Меня не притягивала в Илье Семеновиче эта его видимость культуры, а мне было интересно подойти вплотную к типу, который наверное вдохновил бы Островского и послужил бы центром еще одной комедии из купеческого быта. Выносить его общество ежедневно или много дней подряд было трудно (это случилось, когда я у него в 1902 и 1903 годах гостил на даче под Москвой), и я только дивился кротости и терпению его жены, которая невозмутимо переносила его грубости, нередко доходившие до настоящих ругательств и до дикого крика из-за сущих пустяков. Бывая часто и подолгу в доме Остроухова, можно было зачастую услышать в отношении Надежды Петровны такие эпитеты, как «дула» (Остроухов не выговаривал буквы «р») и «идиотка», или же он прикрикивал на нее при всех, гнал из комнаты и требовал, чтоб она молчала. Надо, впрочем, прибавить, что во все это безобразничание входило немало театра для себя, разыгрывания какой-то комедии, казавшейся самому Илье Семеновичу чем-то в высшей степени эффектным и колоритным — вот-де я каков — купец-художник Астлаухов!

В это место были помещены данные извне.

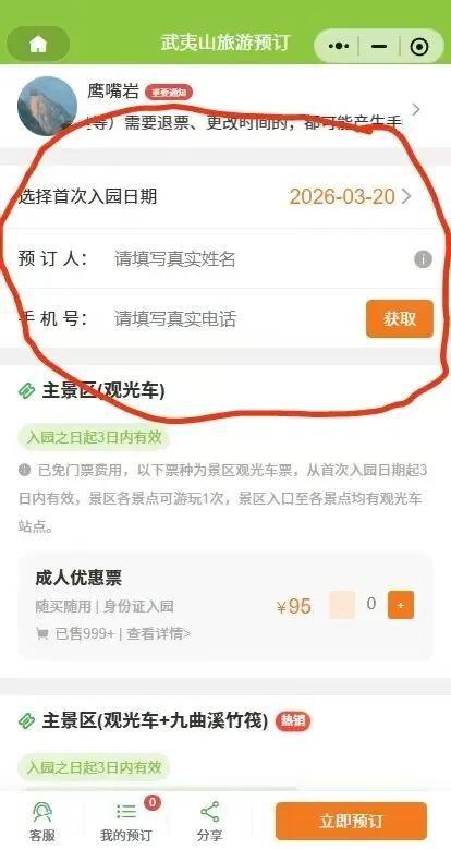 打开「武夷山游玩」小程序 → 首页填写入园日期,预订人,手机号

Все для большей колоритности он щеголял всевозможными чудаческими повадками, из которых одна особенно забавляла и меня и Серова. Ежевечерне, без исключения, ровно в одиннадцать с половиной часов слуга приносил ему к чайному столу на шипящей сковородке два биточка, именно только два и только для него одного. Но эти битки, жаренные в сметане, должны были отвечать раз установленным кулинарным требованиям. Они должны были быть пухлые и белесые, сочность же их проверялась вонзанием в них вилки. Если при этой операции из биточка не брызгала струя, то Илья Семенович начинал буйствовать, рычать, топать ногами, а слуга, забрав сковородку, опрометью летел обратно в кухню. И в таких случаях не полагалось, чтобы повар взамен неудавшихся изготовлял новые. Нам даже казалось, что эти буйные припадки Семеныча означали то, что ритуал ежевечерних битков ему давно надоел, но отказаться ему от него все же представлялось зазорным. Вместе с биточками в столовую вносилась бутылка красного вина («класное болдо» — в произношении Остроухова), которую он всю и выпивал. И тут не обходилось без фокусов: то покажется, что вино отдает пробкой, то оно было недостаточно или слишком согрето. Замечательно, что ни биточками, ни «класным» вином Илья Семенович никого не потчевал и даже, когда я протянул как-то к забракованному блюду руку, он безапелляционно отослал его в изъявление своего неудовольствия.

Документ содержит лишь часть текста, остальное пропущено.